Por certo, não tardou para que os diversos setores da sociedade reagissem e tomassem posição crítica frente ao caso. Assim, ainda no dia 28/03, a partir de ação movida pelo Ministério Público Federal contra a União, ordenou-se que a campanha “O Brasil não pode parar” deixasse de circular pelos meios digitais e/ou impressos, tendo em vista que o seu caráter e o seu direcionamento feriam à população brasileira, por sugerir, entre outras coisas, “[…] comportamentos que não [estão] estritamente embasados em diretrizes técnicas, emitidas pelo Ministério da Saúde, com fundamento em documentos públicos, de entidades científicas de notório reconhecimento no campo da epidemiologia e da saúde pública”. (AÇÃO CIVIL PÚBLICA Nº 5019484-43.2020.4.02.5101/RJ).
Diante do quadro, a Secretária Especial de Comunicação Social da Presidência da República (Secom) se pronunciou enfatizando que o vídeo não constituía campanha oficial do governo. Estranha-se, contudo, a presença de seu conteúdo nas redes oficias (posteriormente excluído, como enfatizaram alguns jornais) e a similaridade de ideias que, em alguma medida, se pode observar entre a postagem feita pelo presidente através do Twitter e partes do vídeo aqui aludido. Também não se pode negar que a campanha encontra correspondência com as defesas públicas que Bolsonaro fez sobre o tema e, por isso mesmo, sua responsabilidade nesse processo não pode ser reduzida. Se nada ocorrer, é possível que Bolsonaro e sua equipe sigam arquitetando medidas para defender (com ou sem a recorrência ao slogan) que “O Brasil não pode parar”. O empresariado brasileiro, certamente, as apoiará.

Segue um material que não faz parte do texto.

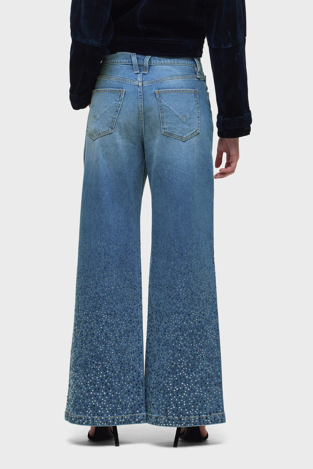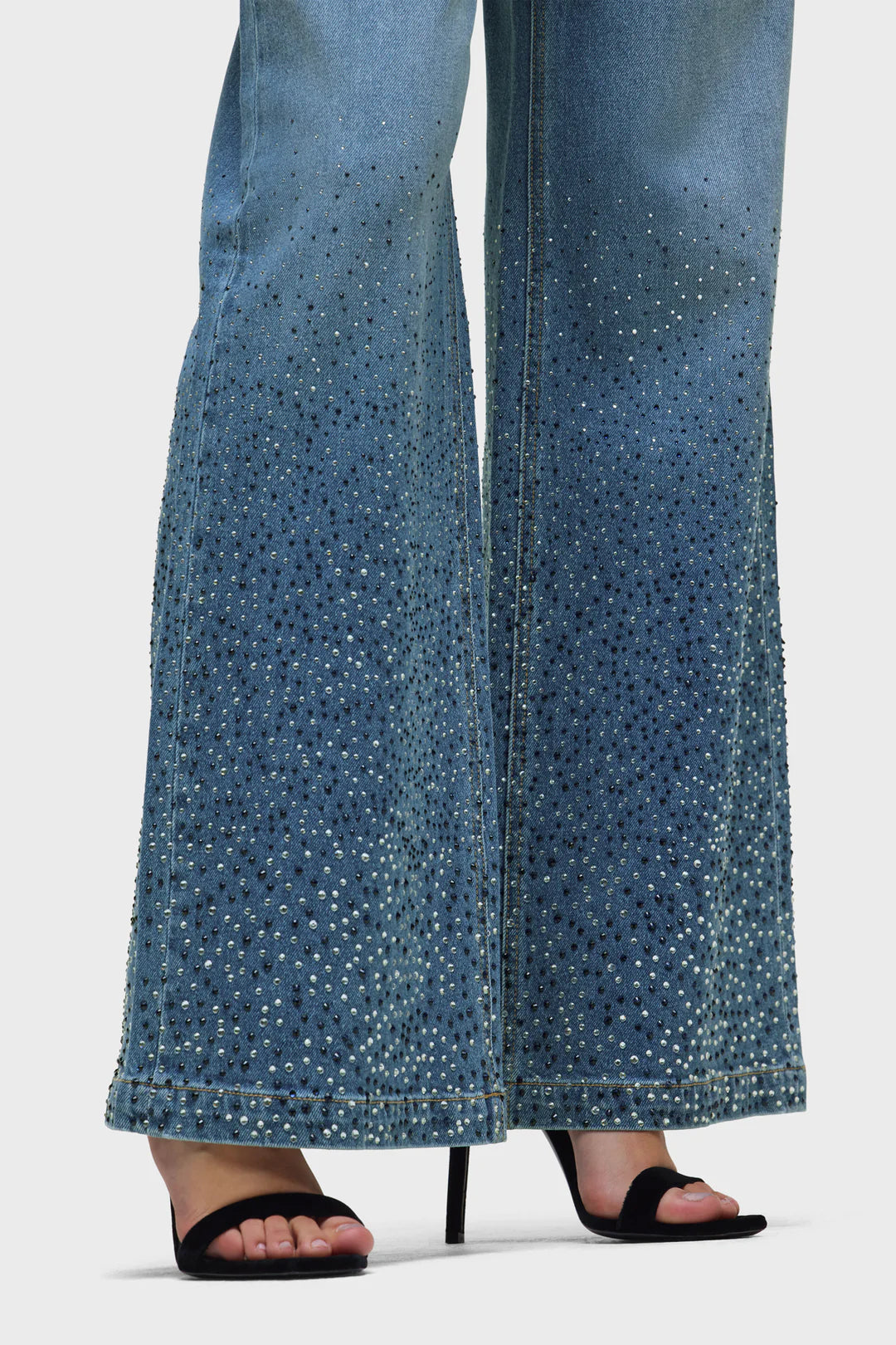 The Jodie Loose Fit Wide Leg Jean in Crystal Blue has a flattering, roomy fit with a 32" inseam. For extra glam, this pair features blue and clear studs at the bottom of legs to create an ombre effect from the bottom up. These jeans are made of low-stretch denim in a medium indigo wash with a clean finished hem.

Como é possível observar, os discursos do empresariado brasileiro e os do Presidente da República confluem. Ambos expressam uma preocupação com a “estabilidade” da economia nesses tempos de crise e, igualmente, ambos reconhecem os trabalhadores como “peças” que devem ser mobilizadas para impedir que a propalada economia definhe ainda mais. Nessa direção, os trabalhadores são convocados, incentivados e, de múltiplas formas, ameaçados a continuarem trabalhado, mesmo que isto custe suas próprias vidas.

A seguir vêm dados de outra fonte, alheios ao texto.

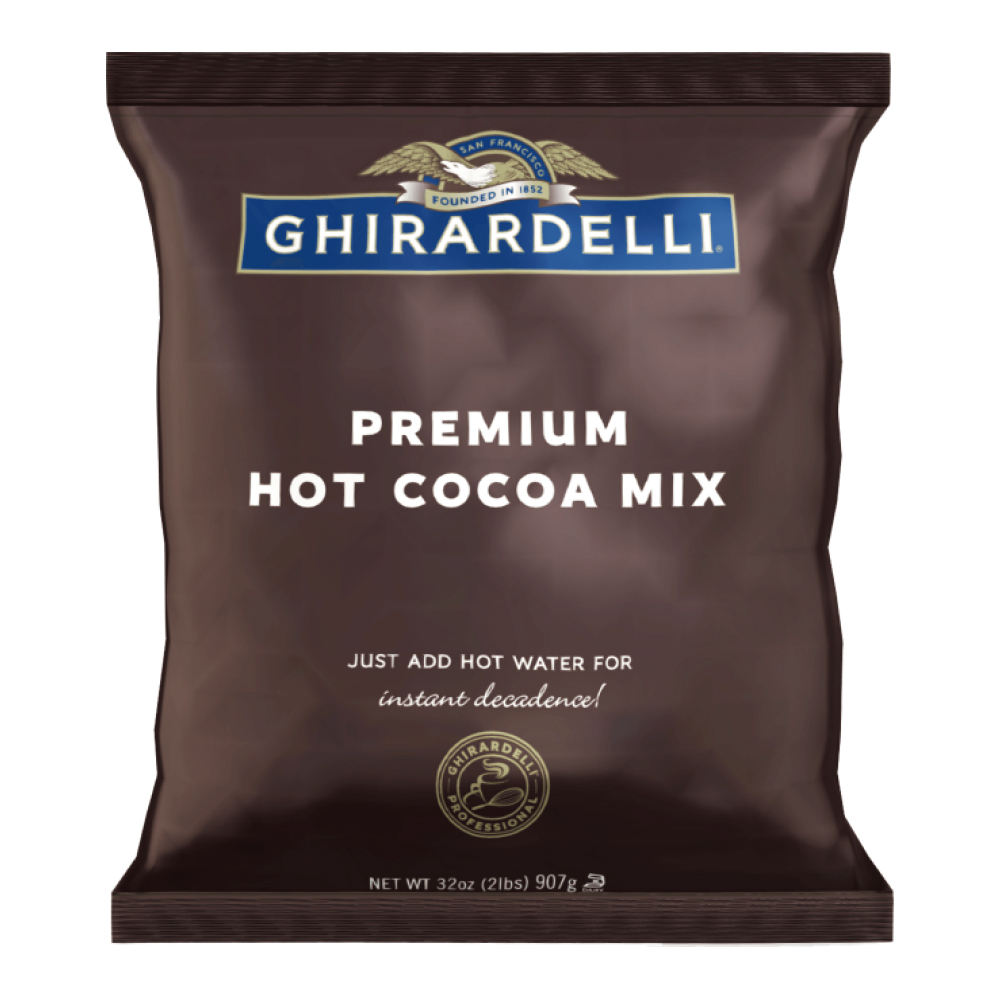 Ghirardelli’s premium hot cocoa powder, made with high-quality cocoa and skim milk, creates a rich, full-flavored hot chocolate using only hot water and also blends beautifully into cafe mochas. Its economical pouch packaging makes it convenient for dispenser use as well.

Como procurei demonstrar no transcorrer deste texto, os setores dominantes apreciam os números e as cifras. Por isso, gostaria de encerrar esta nota com uma reflexão que nos convida a pensar sobre “valores”: a história, movida pelos sujeitos que a impulsionam, há de cobrar – daqueles que, atualmente, estão pautando o retorno ao trabalho e, portanto, a morte dos trabalhadores – um elevado preço. Nesse momento, carecemos defender o óbvio: a vida de homens e mulheres importa! Nesses tempos de investidas perversas contra o povo brasileiro, o questionamento de Brecht faz todo o sentido: que tempos são estes, em que é necessário defender o óbvio?